### [Data]
+---+

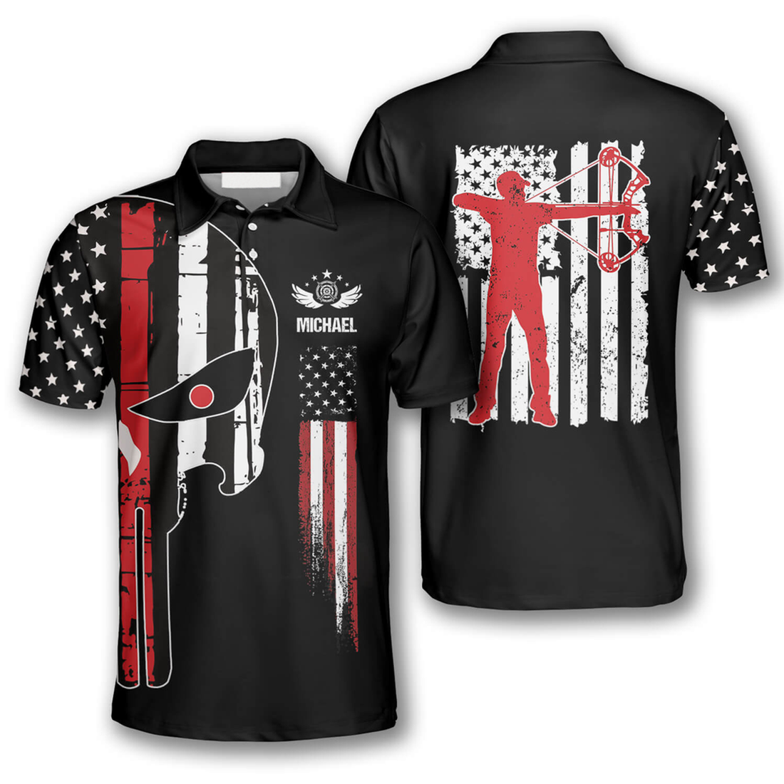 Custom Punisher Skull American Flag American Custom Archery Polo Shirts for Men, Flag Shirt, Archery Shirt
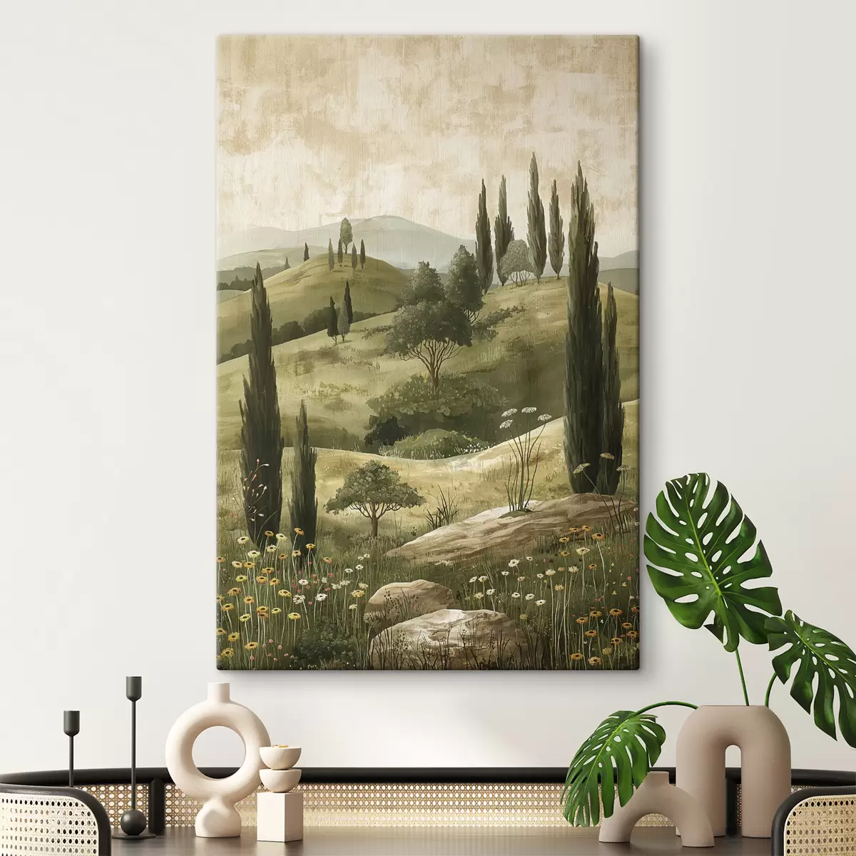 Tableau Paysage vintage, style rustique, couleurs pastel, prairie avec fleurs et arbres s40081
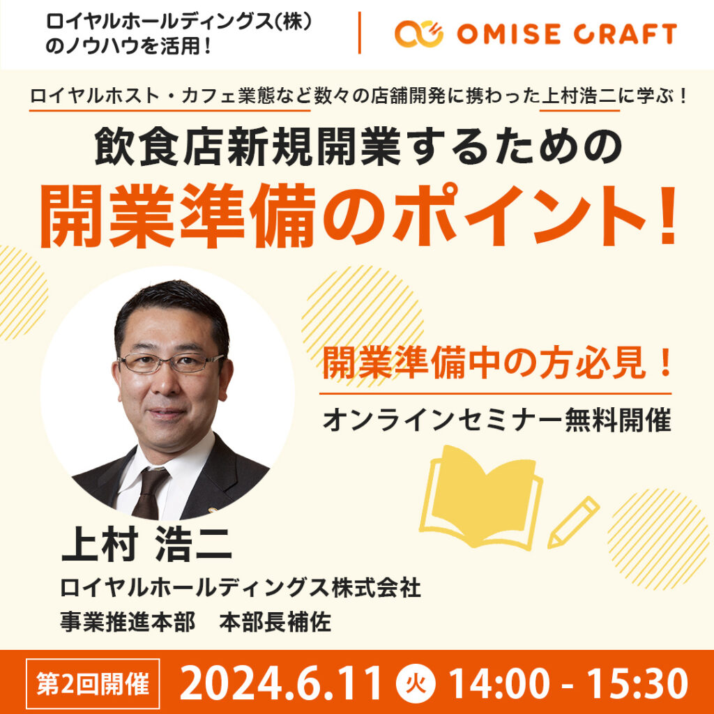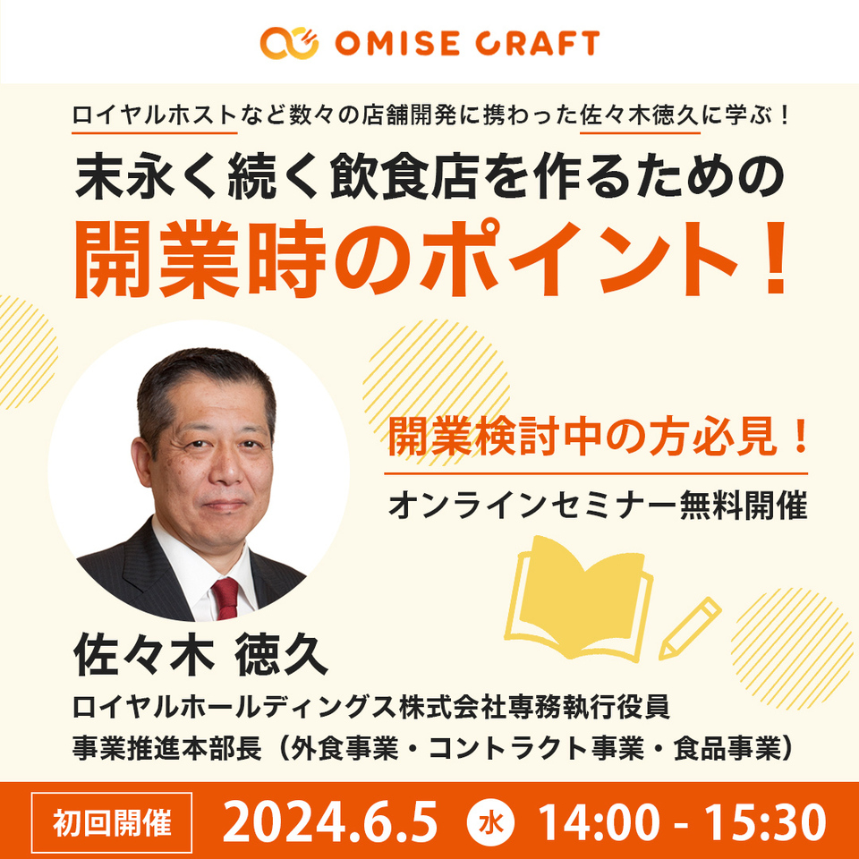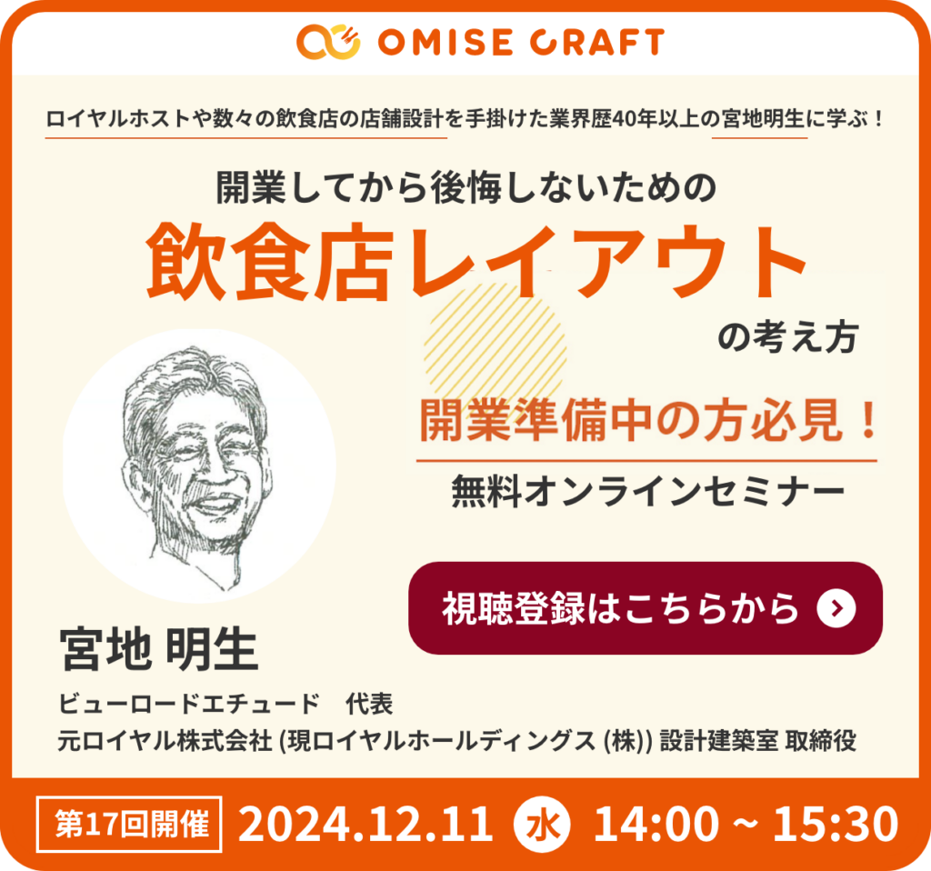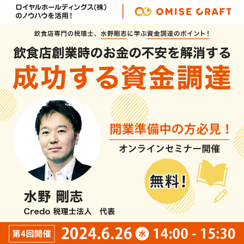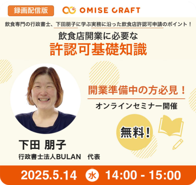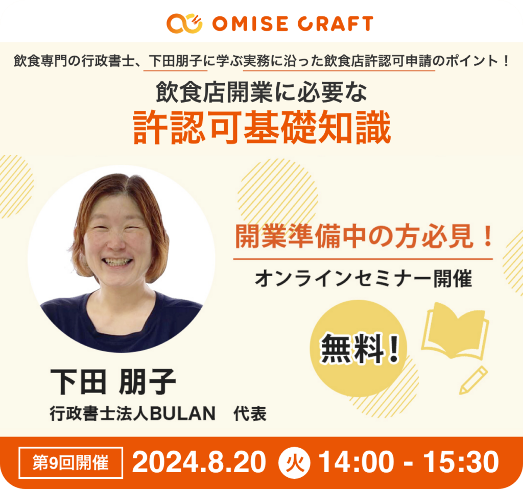 オミセクラフトでは飲食店開業に役立つセミナーを随時開催中!お申込みをお待ちしております。
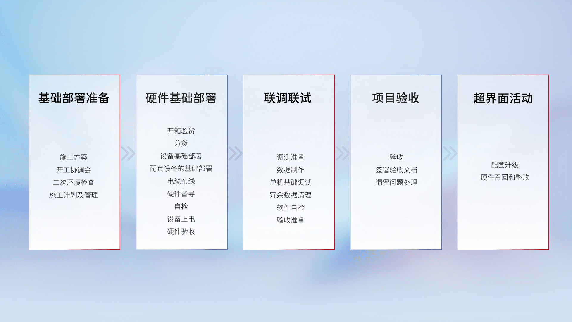 从基础部署准备、、、硬件基础部署、、、、联调联试、、项目验收、、、、越界面活动的全过程可追溯,,,保证施工质量和进度。。。。

+---+

### [Problem details]
The answer must be the lines above from the line that contains "Tableau Paysage vintage, style" to the final line of the data, word for word, with no pictures.

### [Answer to this task]
 Tableau Paysage vintage, style rustique, couleurs pastel, prairie avec fleurs et arbres s40081
 オミセクラフトでは飲食店開業に役立つセミナーを随時開催中!お申込みをお待ちしております。
 从基础部署准备、、、硬件基础部署、、、、联调联试、、项目验收、、、、越界面活动的全过程可追溯,,,保证施工质量和进度。。。。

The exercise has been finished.